The crime, he thought of it as more of a public service, had been flawless. He had had all of the previous winter to plan it and he had been meticulous in his attention to detail. The loud, horrid noise played over and over and over was enough to drive a lesser man to insanity, but not him, no, he had remained lucid, his thoughts orderly and coherent.
The previous three summers had been torture for him; an endless cycle of noise, a cacophony of puerile tunes conveyed in public but designed to cripple him inside. Yes, any other man, a lesser man, would have withered under the annual summer onslaught. Not him! Never! He strengthened his resolve with each summer and refined his plans with each winter.
Killing the driver had been easier than he had thought. As per the anticipated scenario, confirmed by his careful observation, the ice cream truck went to Point A, the parking lot of a nearby city park where the driver ate his lunch every day at the same time. According to design, he had been waiting there, sitting at a picnic table (Point B) when the truck arrived. There being no one else around, he had strangled the driver, a small pathetic man, with electrical wire and buried the body in a shallow trench (Point C) in the woods. He left a triple-flavor banana boat topped with caramel and a small plastic children's teapot resting beside the dead body. He felt that he should say something, so he bowed his head and softly sang "I was a little teapot". But then he had a problem, the truck would create suspicion sitting by itself in the parking lot of a city park.

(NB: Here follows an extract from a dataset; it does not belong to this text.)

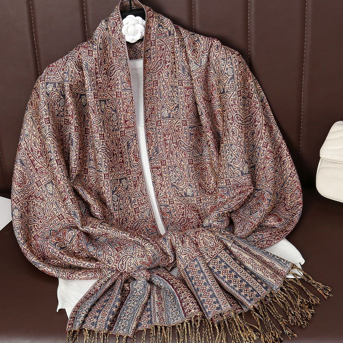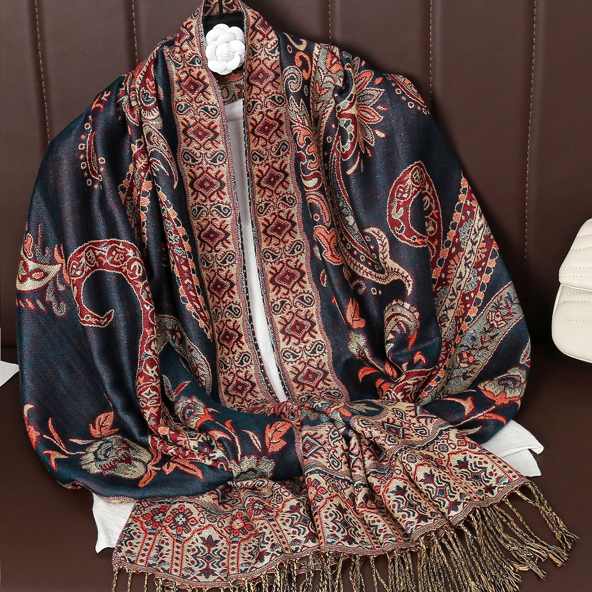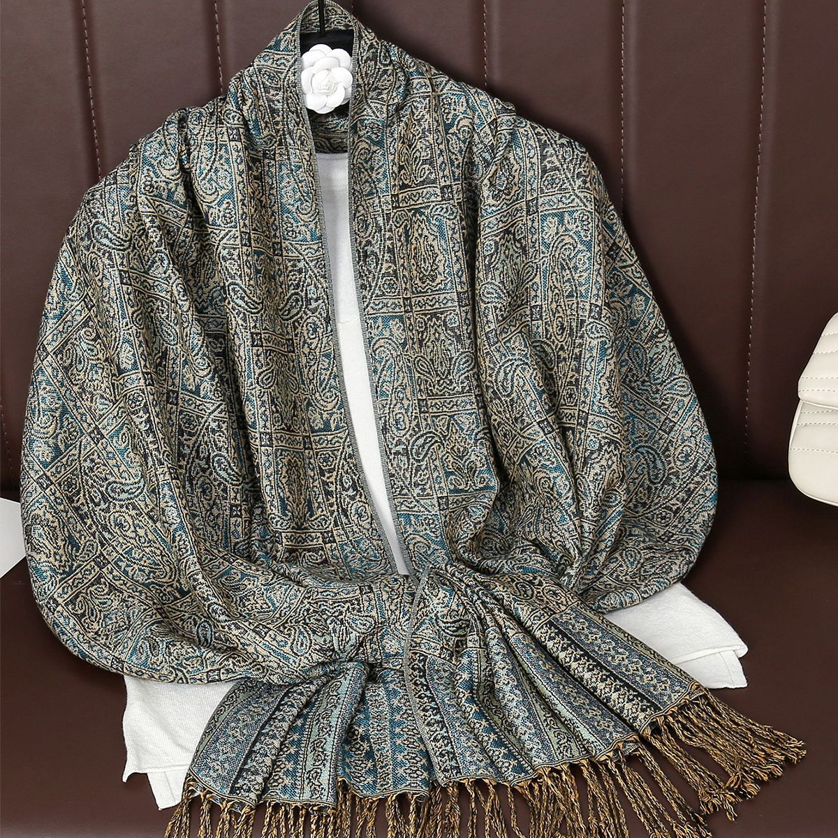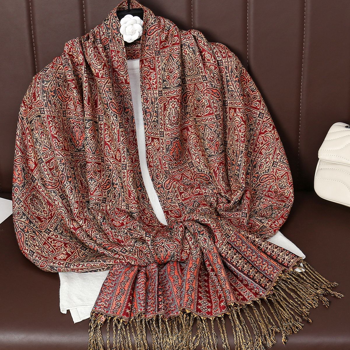 Wholesale of classic cross-border faux cashmere new fashionable all-season versatile jacquard cashew tassel scarves and long scarves

So, late that night, the night of the murder, he drove the truck to the Frosty Cone parking lot and left it there with a note purportedly from the dead driver stating that he was moving to another city to pursue a lifelong ambition as a hot dog vendor. Not realizing how late, or rather how early it was, he ran into the owner of Frosty Cone, Inc. who was on his way in for the day. In order to cover his tracks he told the owner that he was a friend of the driver and had agreed to drop off the truck as the driver had to catch a flight to begin his new career. Fine, said the owner, but who's going to drive my truck? I lose money if it just sits here all day. How 'bout you? You need a job?
Fearing that refusal would raise suspicions, he had agreed to take the truck out. What he didn't tell the owner though, was that he had removed the children's tunes from the truck and replaced them with something far more to his liking. The owner, who seemed to exist in a state of more or less perpetual inebriation, seemed none the wiser.

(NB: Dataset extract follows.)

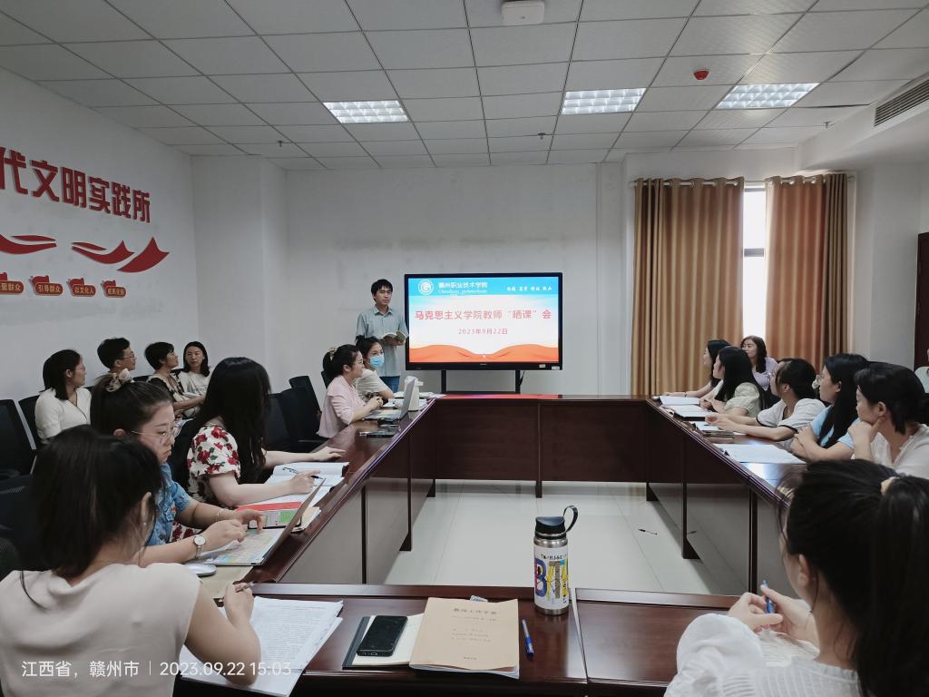 9月22日下午,马克思主义学院在行知楼四楼会议室召开政治理论学习会,随后进行了新入职教师“晒课”活动,并开展了集体备课。会议由马克思主义学院院长宋华主持,马克思主义学院全体教师参加了会议。

He was free! He took the truck out, free jazz blaring from the loudspeaker, to peddle his ice cream to a more upscale clientele. He had gotten away with murder and now he was planning a fleet of free jazz-playing ice cream trucks. Over the next two summers, he drove the jazzy ice cream truck, happy and content, dreaming of his business empire.
Sitting on the balcony of his condo one sunny day, a man heard the jazz-playing ice cream truck approaching - a clamorous, repetitious din that grated on his nerves. This was simply too much! Each summer the same noise, over and over again! Something had to be done before he lost his mind! Surely any action on his part would be considered less a crime than a service to art. After all, everyone knew that "I'm a Little Teapot" was meant to be played as a classical piece, not jazz!
BIO: Richard John Purvis is a Canadian author. He has a love of language and a dislike of poshlost in all of its insidious forms. His work has been published in "State of Imagination" and "eclectic flash".